_What to work on_: Of the lines listed below, return exactly those that run from the line containing "[lihat.co.id] - Lubang" through the line containing "Подарочное издание в", both included.

_Raw data_:
BEGIN
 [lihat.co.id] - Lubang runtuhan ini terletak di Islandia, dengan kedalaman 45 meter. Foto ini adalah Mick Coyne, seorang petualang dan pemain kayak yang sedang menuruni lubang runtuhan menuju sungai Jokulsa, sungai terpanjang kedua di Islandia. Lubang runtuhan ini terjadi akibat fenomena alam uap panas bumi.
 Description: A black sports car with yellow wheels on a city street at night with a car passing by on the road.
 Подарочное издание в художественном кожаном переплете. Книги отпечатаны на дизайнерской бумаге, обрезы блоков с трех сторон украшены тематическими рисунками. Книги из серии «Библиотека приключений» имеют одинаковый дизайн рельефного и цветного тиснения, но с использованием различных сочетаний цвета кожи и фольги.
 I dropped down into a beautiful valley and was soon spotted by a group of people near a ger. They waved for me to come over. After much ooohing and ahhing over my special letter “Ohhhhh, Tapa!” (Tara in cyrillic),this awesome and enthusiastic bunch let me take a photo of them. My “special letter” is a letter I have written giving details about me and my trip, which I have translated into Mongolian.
END
BEGIN
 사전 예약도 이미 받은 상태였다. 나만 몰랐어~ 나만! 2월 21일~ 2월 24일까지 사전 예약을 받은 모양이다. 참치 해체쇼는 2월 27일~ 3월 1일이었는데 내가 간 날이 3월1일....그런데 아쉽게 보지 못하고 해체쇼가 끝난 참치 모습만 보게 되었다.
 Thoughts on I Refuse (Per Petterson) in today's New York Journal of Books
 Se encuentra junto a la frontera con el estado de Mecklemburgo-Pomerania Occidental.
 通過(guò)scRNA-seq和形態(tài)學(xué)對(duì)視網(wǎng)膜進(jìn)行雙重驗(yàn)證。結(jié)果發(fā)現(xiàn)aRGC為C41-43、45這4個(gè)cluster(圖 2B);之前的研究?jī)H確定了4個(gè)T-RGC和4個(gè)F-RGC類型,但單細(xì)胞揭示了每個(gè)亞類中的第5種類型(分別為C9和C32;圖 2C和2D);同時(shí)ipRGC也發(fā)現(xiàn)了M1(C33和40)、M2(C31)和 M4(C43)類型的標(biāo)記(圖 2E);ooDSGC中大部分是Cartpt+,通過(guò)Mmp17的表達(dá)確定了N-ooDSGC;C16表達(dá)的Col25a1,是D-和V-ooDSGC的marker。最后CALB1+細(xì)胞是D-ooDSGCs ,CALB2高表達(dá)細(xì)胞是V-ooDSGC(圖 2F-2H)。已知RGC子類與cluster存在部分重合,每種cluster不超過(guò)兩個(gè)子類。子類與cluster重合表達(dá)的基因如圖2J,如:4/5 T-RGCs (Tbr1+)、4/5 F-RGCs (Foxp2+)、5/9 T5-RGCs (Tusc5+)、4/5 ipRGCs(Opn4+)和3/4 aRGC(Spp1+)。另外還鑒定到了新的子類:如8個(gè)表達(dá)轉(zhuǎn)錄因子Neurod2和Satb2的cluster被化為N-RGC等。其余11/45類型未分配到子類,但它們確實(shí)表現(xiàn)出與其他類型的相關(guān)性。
END
BEGIN
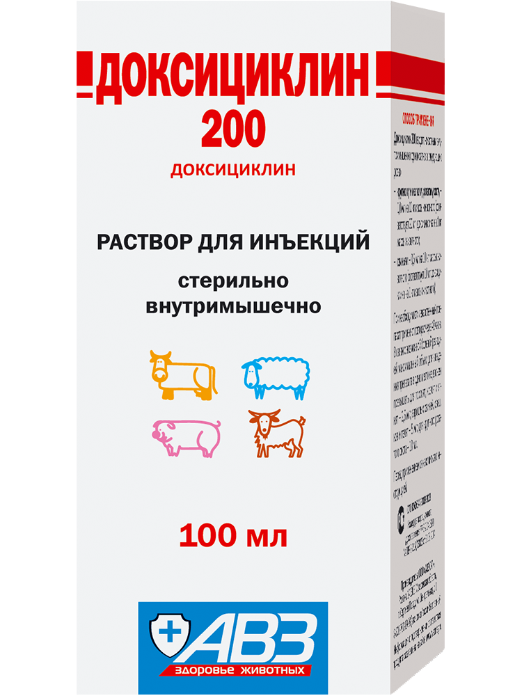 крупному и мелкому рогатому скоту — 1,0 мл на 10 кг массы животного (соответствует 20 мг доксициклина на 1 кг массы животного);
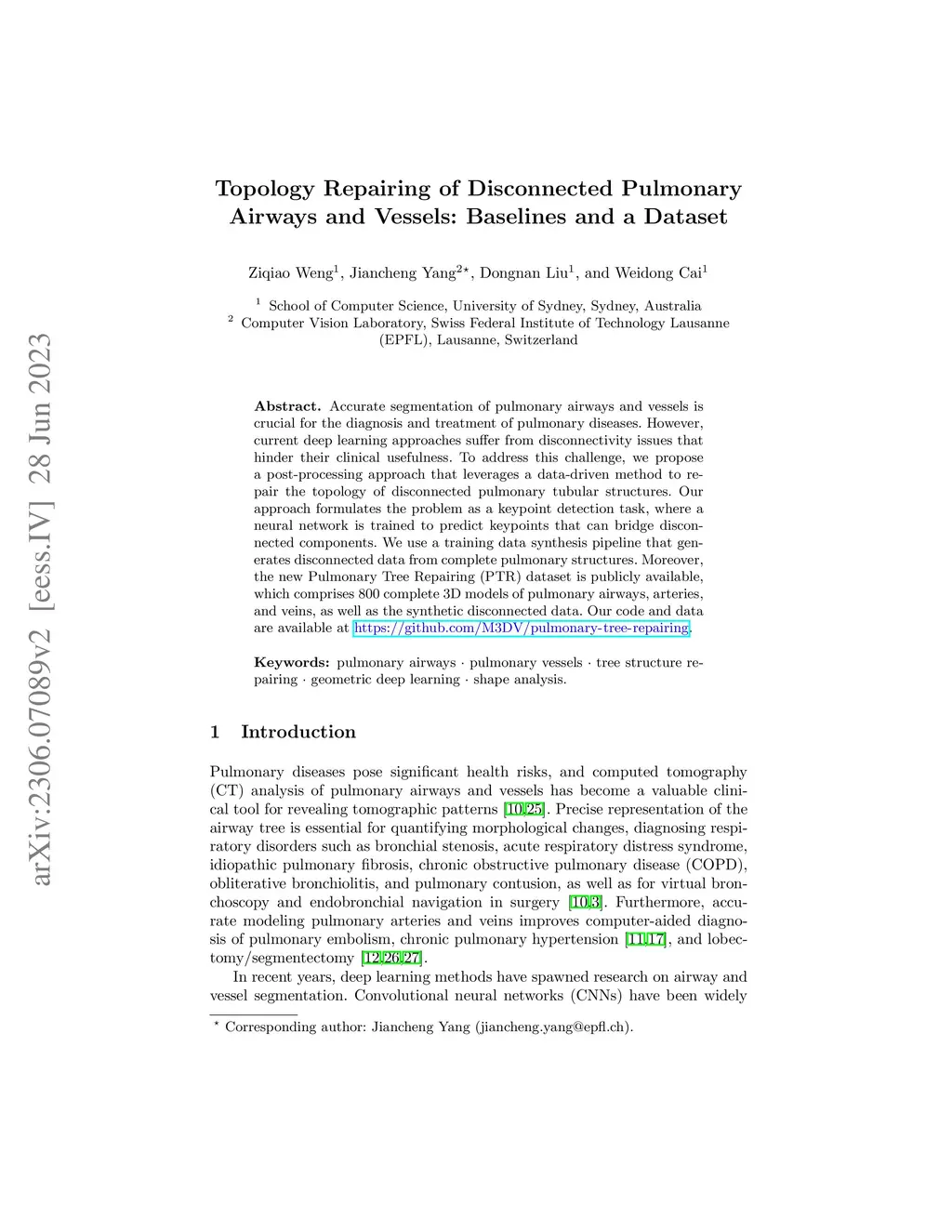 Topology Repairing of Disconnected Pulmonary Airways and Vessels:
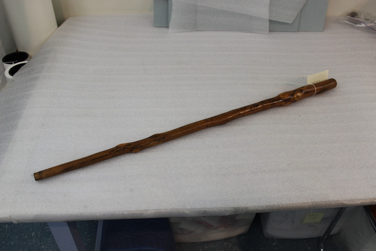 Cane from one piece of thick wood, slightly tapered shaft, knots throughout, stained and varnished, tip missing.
END
_Response to the task_:
 [lihat.co.id] - Lubang runtuhan ini terletak di Islandia, dengan kedalaman 45 meter. Foto ini adalah Mick Coyne, seorang petualang dan pemain kayak yang sedang menuruni lubang runtuhan menuju sungai Jokulsa, sungai terpanjang kedua di Islandia. Lubang runtuhan ini terjadi akibat fenomena alam uap panas bumi.
 Description: A black sports car with yellow wheels on a city street at night with a car passing by on the road.
 Подарочное издание в художественном кожаном переплете. Книги отпечатаны на дизайнерской бумаге, обрезы блоков с трех сторон украшены тематическими рисунками. Книги из серии «Библиотека приключений» имеют одинаковый дизайн рельефного и цветного тиснения, но с использованием различных сочетаний цвета кожи и фольги.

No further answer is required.